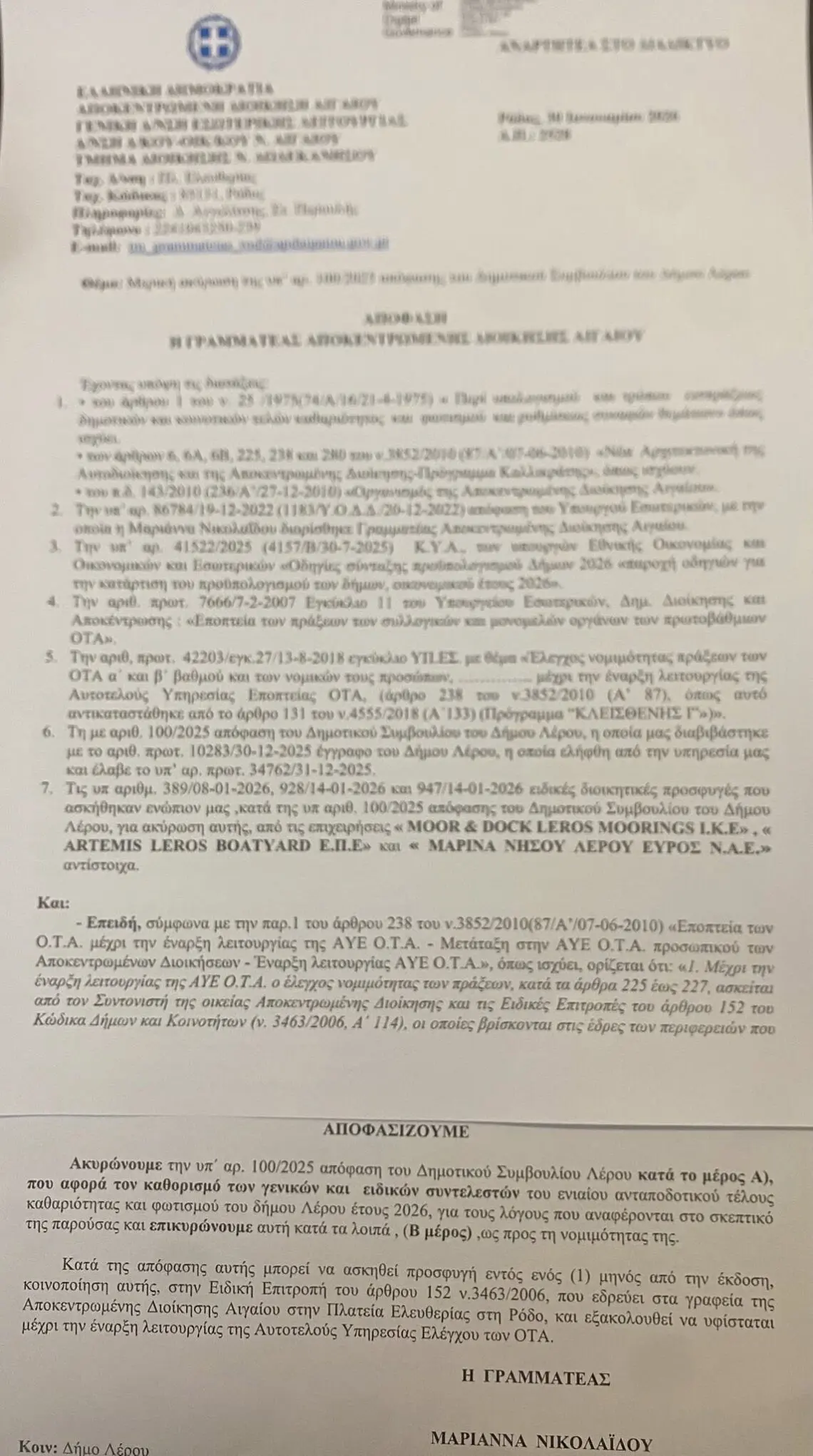 Με απόφαση της Γραμματέως της Αποκεντρωμένης Διοίκησης Αιγαίου, ακυρώνεται η υπ’ αριθμ. 100/2025 απόφαση του Δημοτικού Συμβουλίου, που αφορούσε τον καθορισμό των γενικών και ειδικών συντελεστών του ενιαίου ανταποδοτικού τέλους καθαριότητας και φωτισμού του Δήμου Λέρου για το έτος 2026.
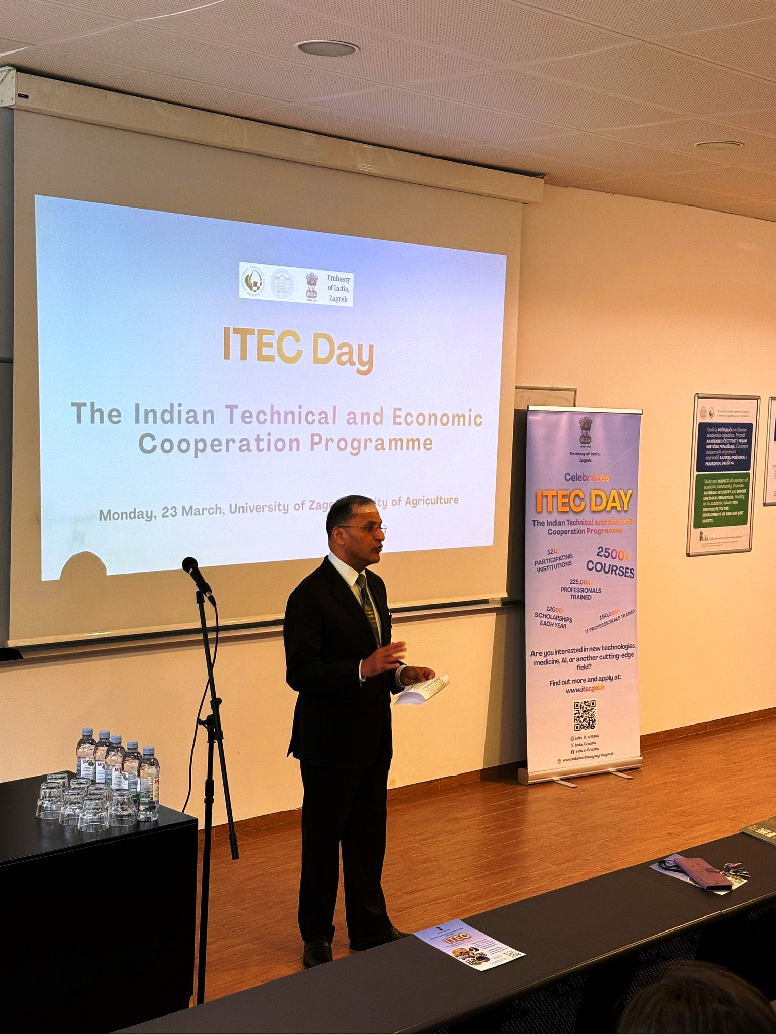 U uvodnom dijelu okupljenima su se obratili Nj.E. ambasador Indije u Hrvatskoj G. Arun Goel i dekan Agronomskog fakulteta G. Aleksandar Mešić. Predavanja o iskustvu sudjelovanja na ITEC programima u Indiji podijelili su prof.dr.sc. Ivan Miškulin i prof. Sanja Gavrančić, stručna suradnica pedagoginja u osnovnoj školi te instruktorica i koordinatorica Joge u svakodnevnom životu Split. Svoje iskustvo sudjelovanja na ITEC programu u New Delhiju početkom 2026. godine, na Nacionalnom inistitutu za planiranje i administraciju u obrazovanju sažela je u svojoj prezentaciji prikazujući i fotografije "Inspirativne Indije", kako je glasio naslov predavanja.
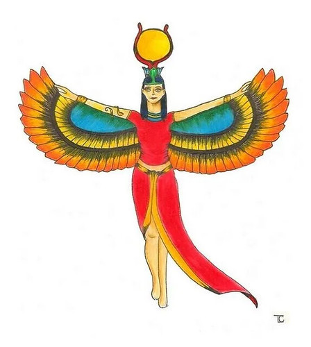 Provavelmente a mais famosa de todas as deusas egípcias, Ísis foi inicialmente associada a Hathor , sendo assim proclamada como a personificação de muitas das qualidades "maternais". No entanto, ela ganhou ainda mais importância durante o período do Império Antigo, como um dos personagens proeminentes do mito de Osíris, no qual ela não apenas ressuscita seu marido assassinado, o divino rei Osíris, mas também dá à luz e protege seu herdeiro, Hórus .
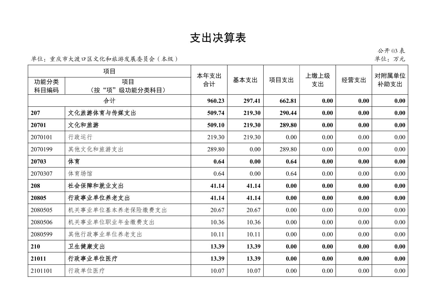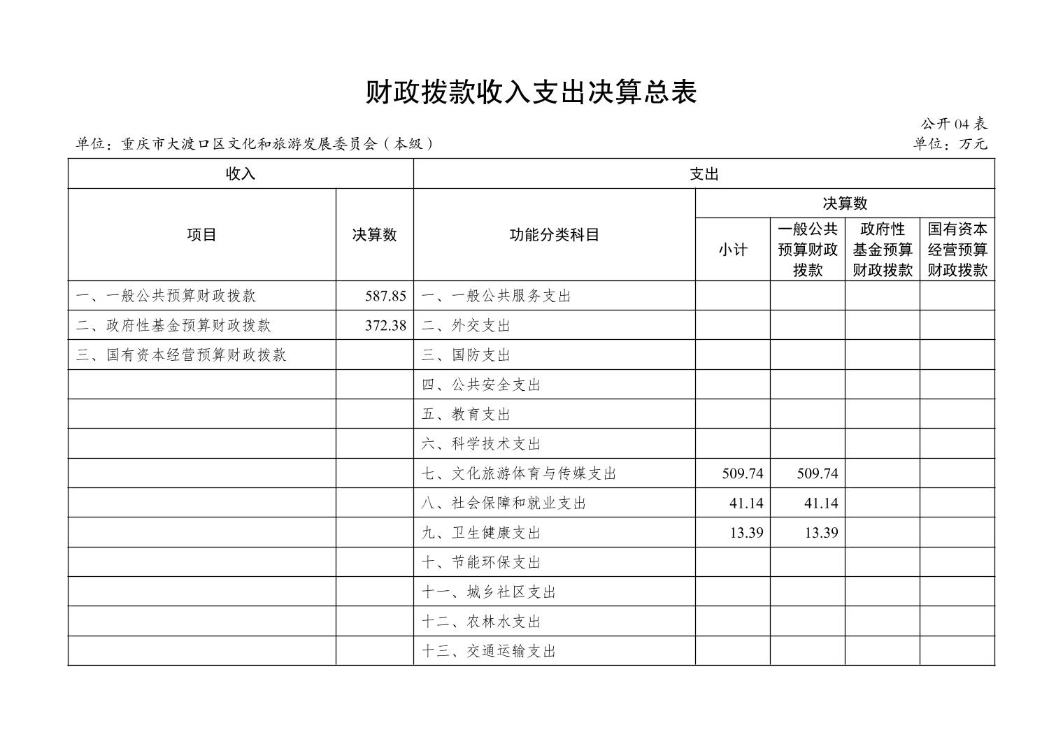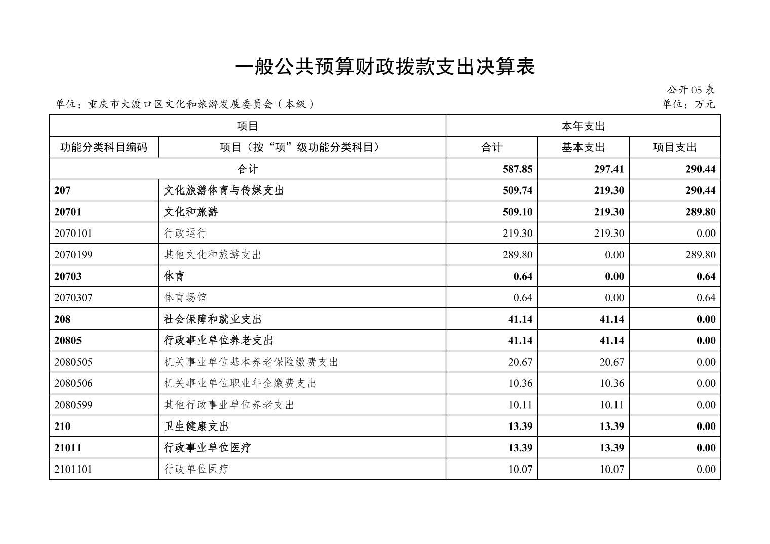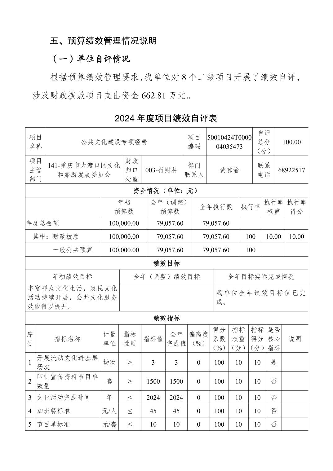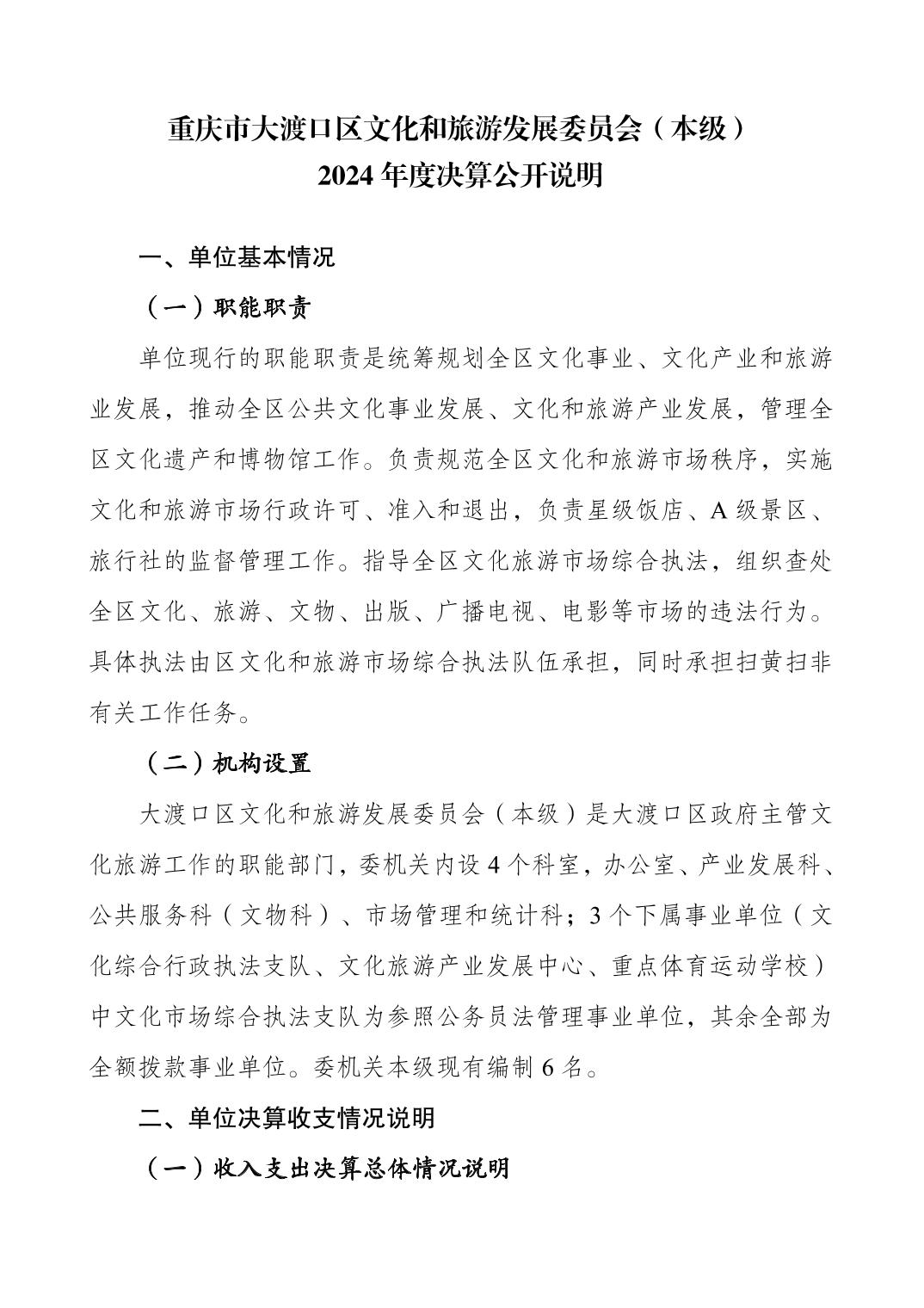 重庆市大渡口区文化和旅游发展委员会(本级)2024 年度决算公开说明
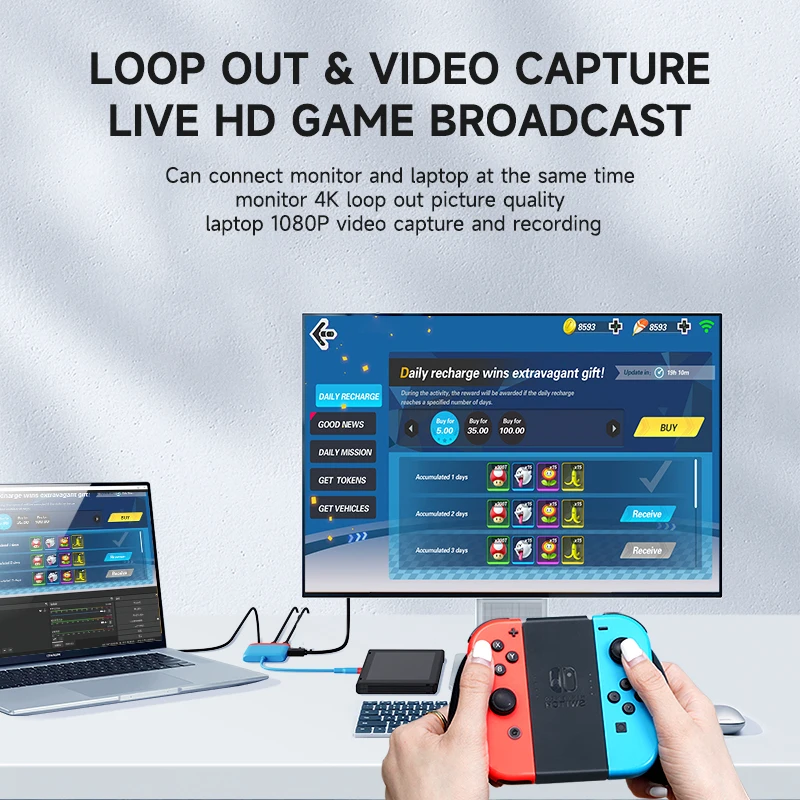 Multifunción y multipuerto:Con 4K HDMI, tarjeta de captura de vídeo 1080P, USB 3.0, puerto de carga de suministro de energía de 100 W, los cuatro puertos se pueden ampliar al mismo tiempo para satisfacer sus diversas necesidades. La velocidad de transmisión de USB3.0 puede ser de hasta 5 Gbps.

__Task brief__. Within the listing above, print exactly the stretch beginning at the line that contains "U uvodnom dijelu" and finishing at the line that contains "重庆市大渡口区文化和旅游发展委员会(本级)2024 年度决算公开说明", ends kept, pictures left out, and nothing more.

__Exercise answer__.
 U uvodnom dijelu okupljenima su se obratili Nj.E. ambasador Indije u Hrvatskoj G. Arun Goel i dekan Agronomskog fakulteta G. Aleksandar Mešić. Predavanja o iskustvu sudjelovanja na ITEC programima u Indiji podijelili su prof.dr.sc. Ivan Miškulin i prof. Sanja Gavrančić, stručna suradnica pedagoginja u osnovnoj školi te instruktorica i koordinatorica Joge u svakodnevnom životu Split. Svoje iskustvo sudjelovanja na ITEC programu u New Delhiju početkom 2026. godine, na Nacionalnom inistitutu za planiranje i administraciju u obrazovanju sažela je u svojoj prezentaciji prikazujući i fotografije "Inspirativne Indije", kako je glasio naslov predavanja.
 Provavelmente a mais famosa de todas as deusas egípcias, Ísis foi inicialmente associada a Hathor , sendo assim proclamada como a personificação de muitas das qualidades "maternais". No entanto, ela ganhou ainda mais importância durante o período do Império Antigo, como um dos personagens proeminentes do mito de Osíris, no qual ela não apenas ressuscita seu marido assassinado, o divino rei Osíris, mas também dá à luz e protege seu herdeiro, Hórus .
 重庆市大渡口区文化和旅游发展委员会(本级)2024 年度决算公开说明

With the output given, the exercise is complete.